* **Problem description**: With the pictures omitted, print exactly the lines below, from the one containing "Keywords: station train" through the one containing "ROSETTA (1999) DIR", and nothing else.

* **Records shown**:

________________________

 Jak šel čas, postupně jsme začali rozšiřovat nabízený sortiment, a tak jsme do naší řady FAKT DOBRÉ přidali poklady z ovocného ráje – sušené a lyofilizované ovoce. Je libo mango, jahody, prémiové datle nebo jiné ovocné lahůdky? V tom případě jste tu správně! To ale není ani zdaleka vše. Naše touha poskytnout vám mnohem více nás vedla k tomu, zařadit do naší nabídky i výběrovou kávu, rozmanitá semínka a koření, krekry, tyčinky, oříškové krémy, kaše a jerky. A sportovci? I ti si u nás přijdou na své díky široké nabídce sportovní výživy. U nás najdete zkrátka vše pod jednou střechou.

________________________

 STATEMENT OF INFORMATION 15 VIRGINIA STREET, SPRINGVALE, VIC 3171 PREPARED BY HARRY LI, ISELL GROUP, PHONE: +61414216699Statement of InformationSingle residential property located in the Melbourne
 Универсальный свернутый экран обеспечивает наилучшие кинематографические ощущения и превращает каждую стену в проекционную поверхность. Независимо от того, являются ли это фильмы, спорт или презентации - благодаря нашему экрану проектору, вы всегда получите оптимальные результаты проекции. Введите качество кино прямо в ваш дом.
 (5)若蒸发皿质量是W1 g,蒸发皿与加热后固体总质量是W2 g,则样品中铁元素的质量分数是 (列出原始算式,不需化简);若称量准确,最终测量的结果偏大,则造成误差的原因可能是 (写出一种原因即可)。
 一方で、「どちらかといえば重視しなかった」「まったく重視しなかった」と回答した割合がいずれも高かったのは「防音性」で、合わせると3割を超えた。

________________________

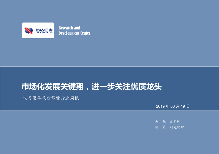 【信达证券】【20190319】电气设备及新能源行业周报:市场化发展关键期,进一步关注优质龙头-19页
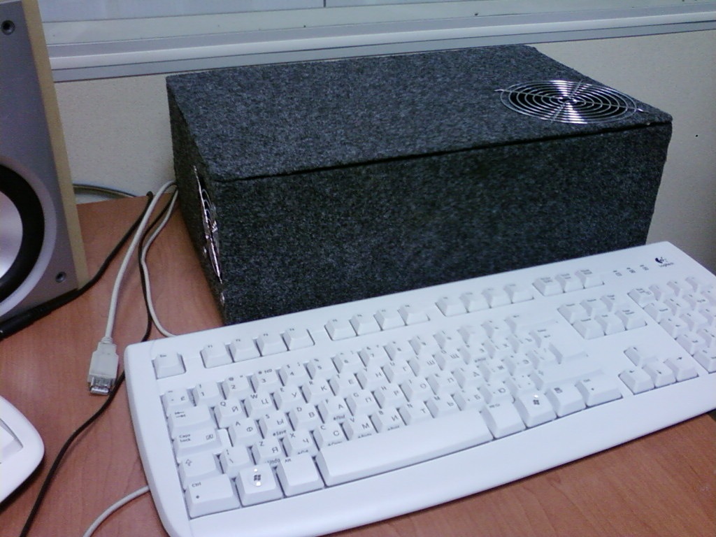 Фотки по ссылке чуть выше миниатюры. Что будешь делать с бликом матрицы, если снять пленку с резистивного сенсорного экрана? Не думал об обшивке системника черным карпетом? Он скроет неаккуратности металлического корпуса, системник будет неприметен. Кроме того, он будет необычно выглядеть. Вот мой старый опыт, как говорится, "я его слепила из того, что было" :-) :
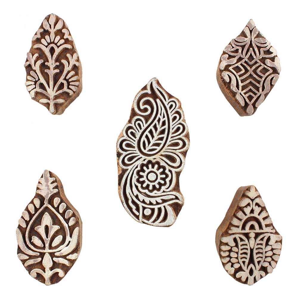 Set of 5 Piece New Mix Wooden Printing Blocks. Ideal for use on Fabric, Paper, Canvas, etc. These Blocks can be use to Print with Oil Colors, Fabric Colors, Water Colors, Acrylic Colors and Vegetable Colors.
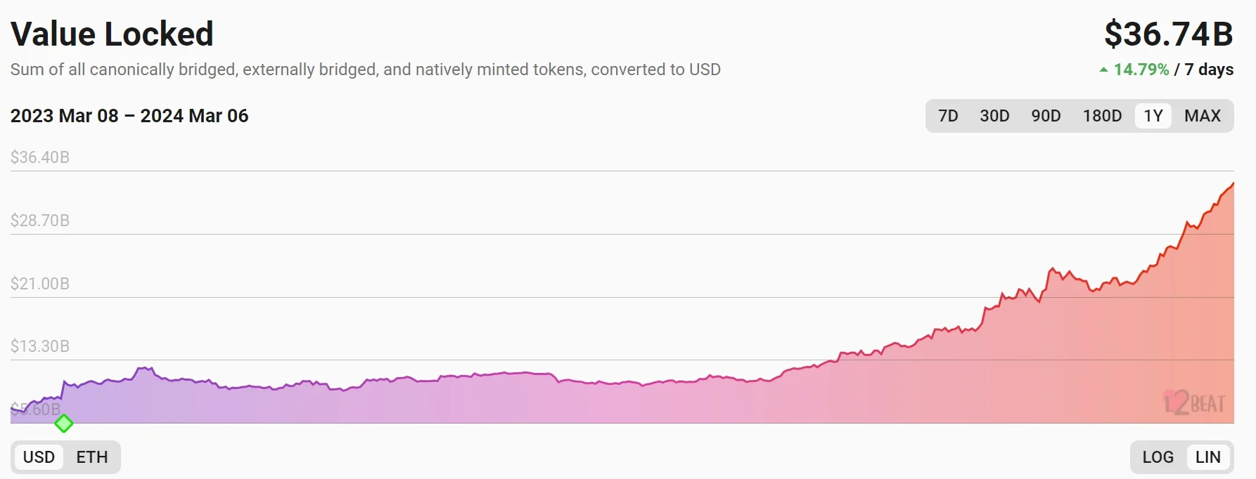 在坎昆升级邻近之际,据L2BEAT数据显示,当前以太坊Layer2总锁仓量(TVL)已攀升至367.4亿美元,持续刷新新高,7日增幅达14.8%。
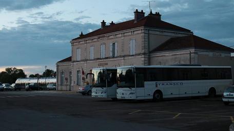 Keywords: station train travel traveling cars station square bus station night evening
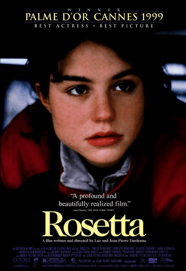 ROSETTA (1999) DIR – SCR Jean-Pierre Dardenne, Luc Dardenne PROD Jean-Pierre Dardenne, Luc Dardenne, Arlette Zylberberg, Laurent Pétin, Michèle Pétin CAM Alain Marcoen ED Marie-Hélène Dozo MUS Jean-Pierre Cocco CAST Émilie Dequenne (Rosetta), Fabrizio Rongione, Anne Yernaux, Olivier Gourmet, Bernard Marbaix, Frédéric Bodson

________________________

* **Answer space**:
 Keywords: station train travel traveling cars station square bus station night evening
 ROSETTA (1999) DIR – SCR Jean-Pierre Dardenne, Luc Dardenne PROD Jean-Pierre Dardenne, Luc Dardenne, Arlette Zylberberg, Laurent Pétin, Michèle Pétin CAM Alain Marcoen ED Marie-Hélène Dozo MUS Jean-Pierre Cocco CAST Émilie Dequenne (Rosetta), Fabrizio Rongione, Anne Yernaux, Olivier Gourmet, Bernard Marbaix, Frédéric Bodson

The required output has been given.